▶ _Assignment_: Once you find the line with "gọn tôn dáng.", transcribe it and all the lines that follow to the end of the data, exactly as written; skip any pictures.

▶ _Given information_:
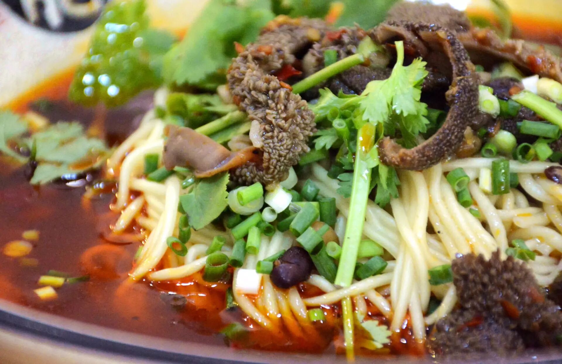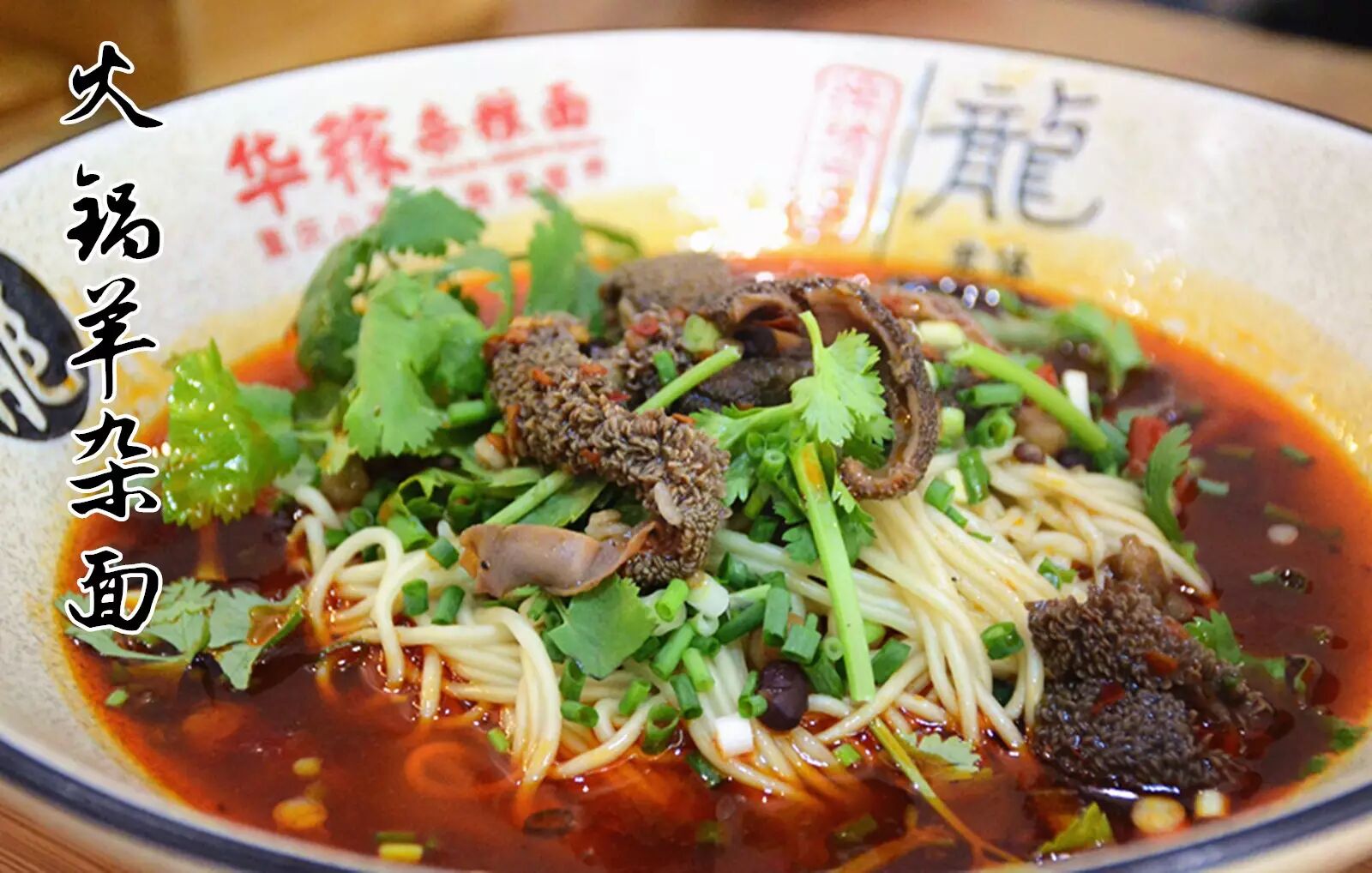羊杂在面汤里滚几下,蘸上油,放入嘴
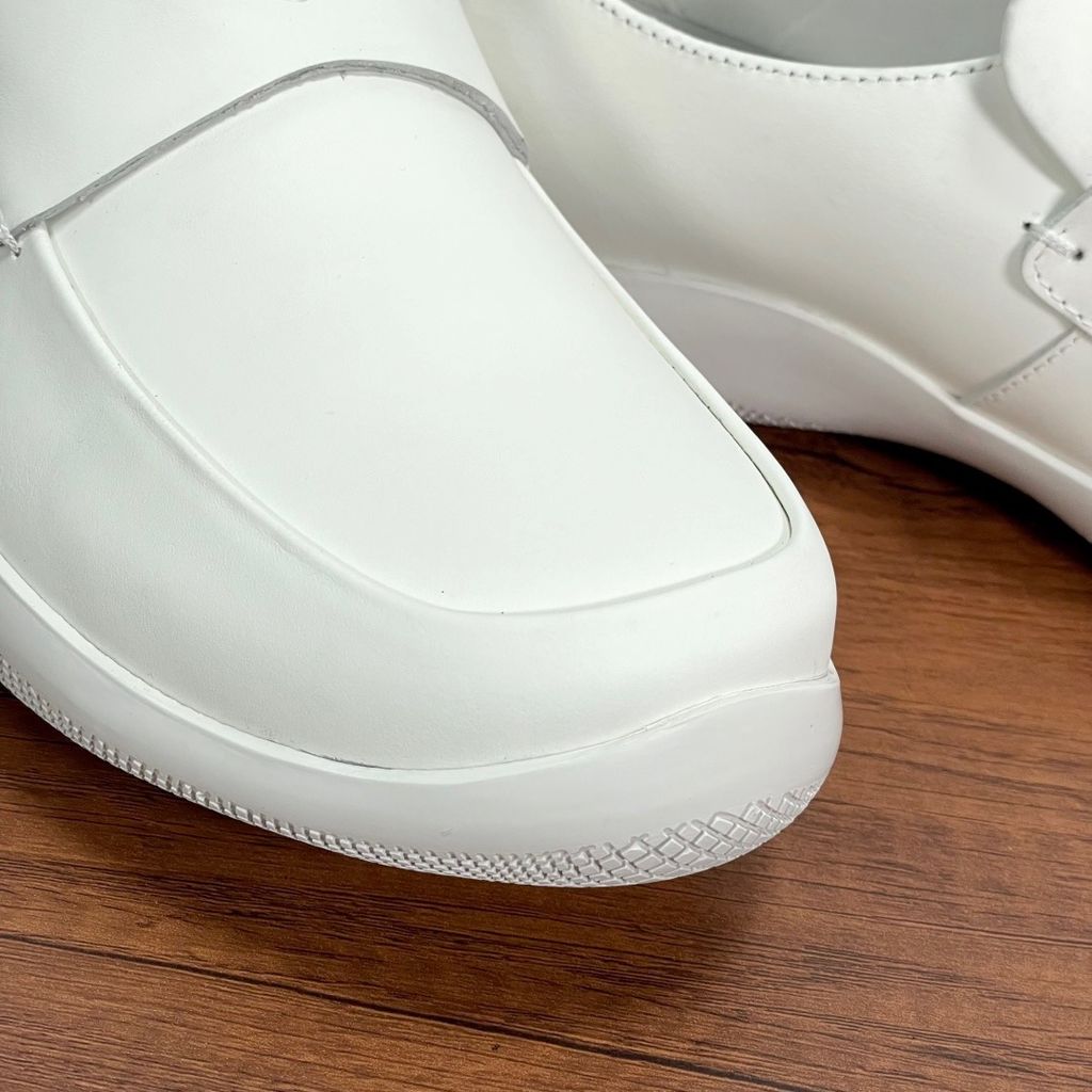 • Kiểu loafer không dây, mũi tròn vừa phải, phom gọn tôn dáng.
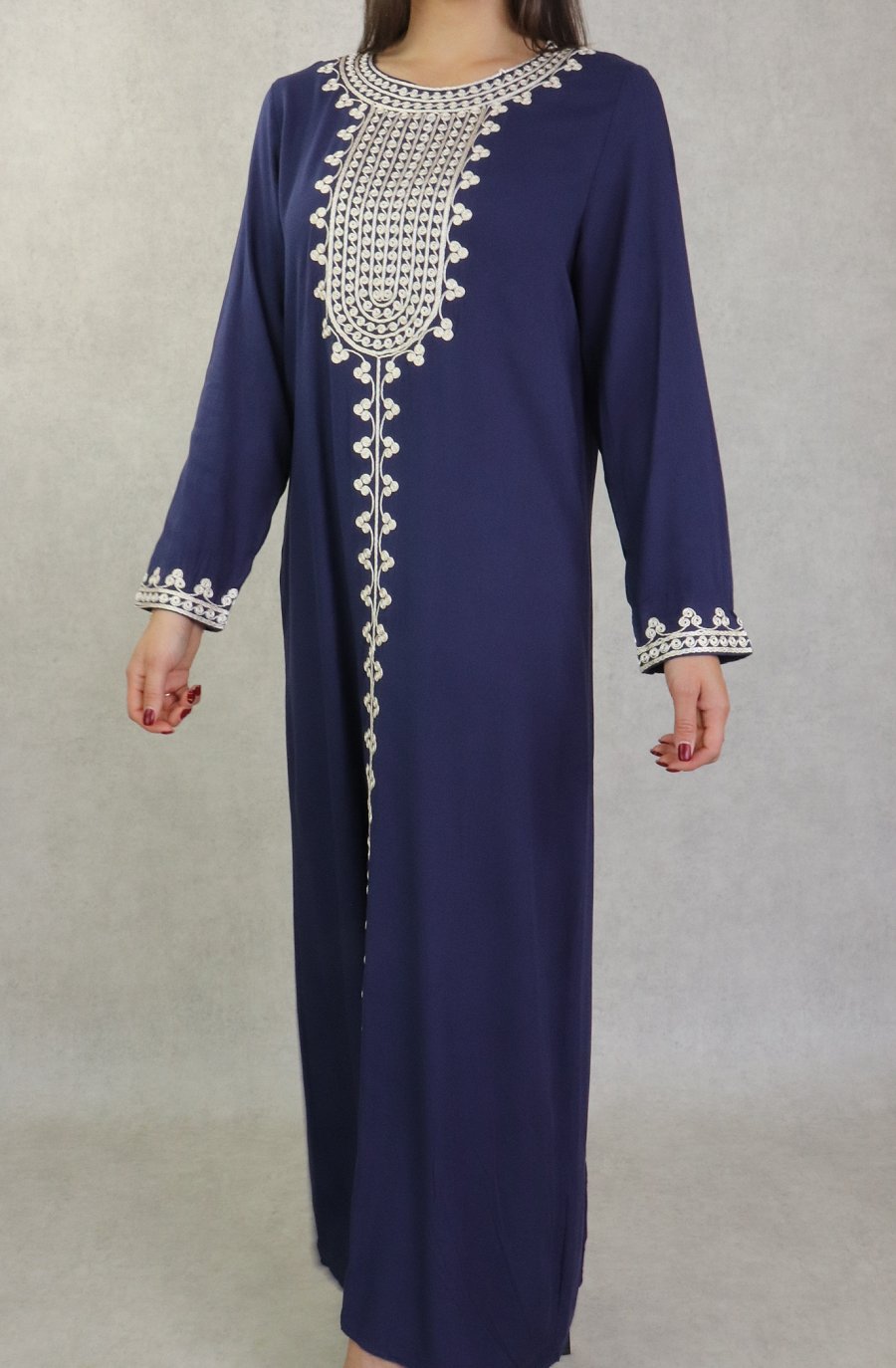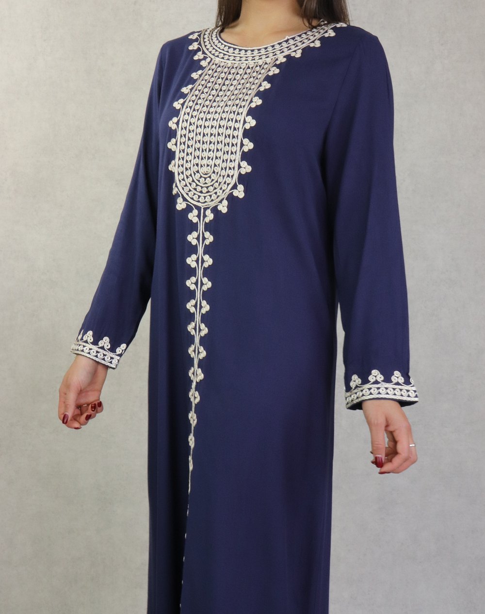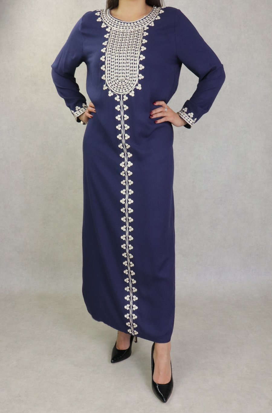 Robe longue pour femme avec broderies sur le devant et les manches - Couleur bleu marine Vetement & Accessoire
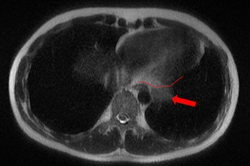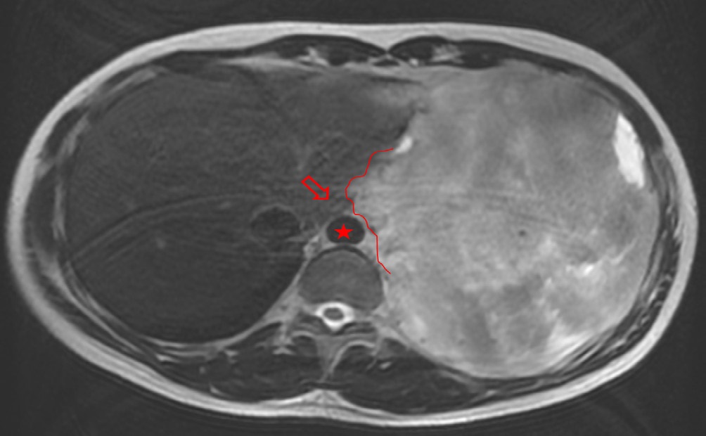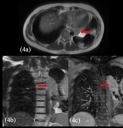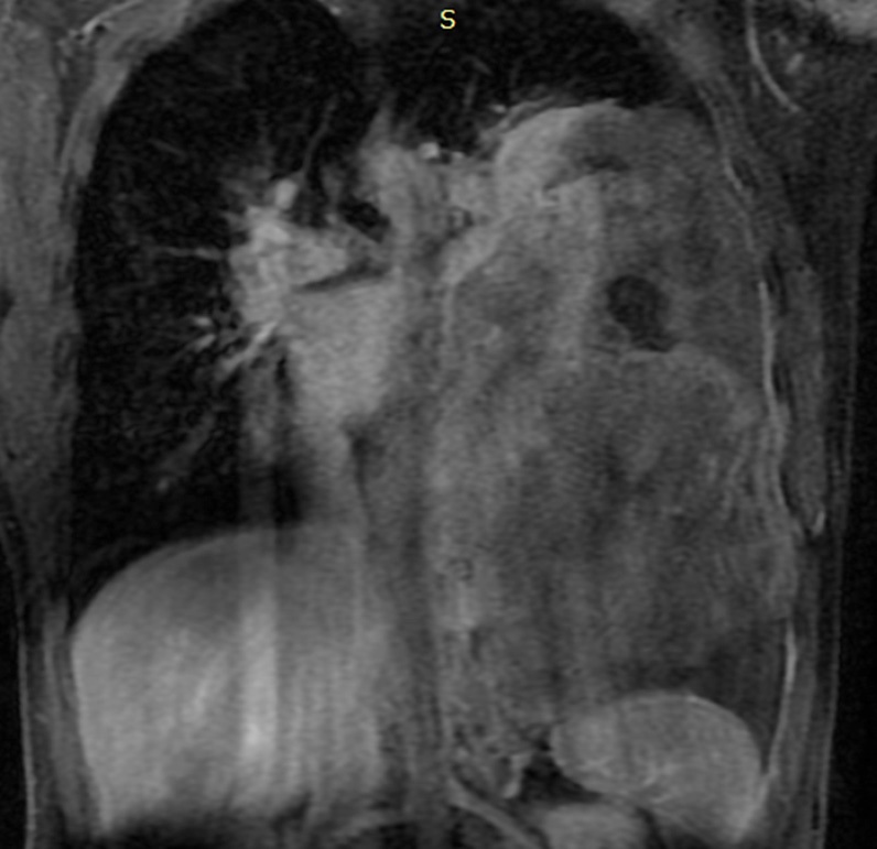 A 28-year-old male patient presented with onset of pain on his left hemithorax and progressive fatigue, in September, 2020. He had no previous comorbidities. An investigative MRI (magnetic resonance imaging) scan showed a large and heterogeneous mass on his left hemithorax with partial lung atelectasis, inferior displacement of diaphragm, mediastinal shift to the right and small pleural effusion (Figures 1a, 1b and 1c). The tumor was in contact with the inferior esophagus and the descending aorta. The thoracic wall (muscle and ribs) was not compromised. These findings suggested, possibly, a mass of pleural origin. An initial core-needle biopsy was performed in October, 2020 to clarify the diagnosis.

▶ _Your response_:
 • Kiểu loafer không dây, mũi tròn vừa phải, phom gọn tôn dáng.
 Robe longue pour femme avec broderies sur le devant et les manches - Couleur bleu marine Vetement & Accessoire
 A 28-year-old male patient presented with onset of pain on his left hemithorax and progressive fatigue, in September, 2020. He had no previous comorbidities. An investigative MRI (magnetic resonance imaging) scan showed a large and heterogeneous mass on his left hemithorax with partial lung atelectasis, inferior displacement of diaphragm, mediastinal shift to the right and small pleural effusion (Figures 1a, 1b and 1c). The tumor was in contact with the inferior esophagus and the descending aorta. The thoracic wall (muscle and ribs) was not compromised. These findings suggested, possibly, a mass of pleural origin. An initial core-needle biopsy was performed in October, 2020 to clarify the diagnosis.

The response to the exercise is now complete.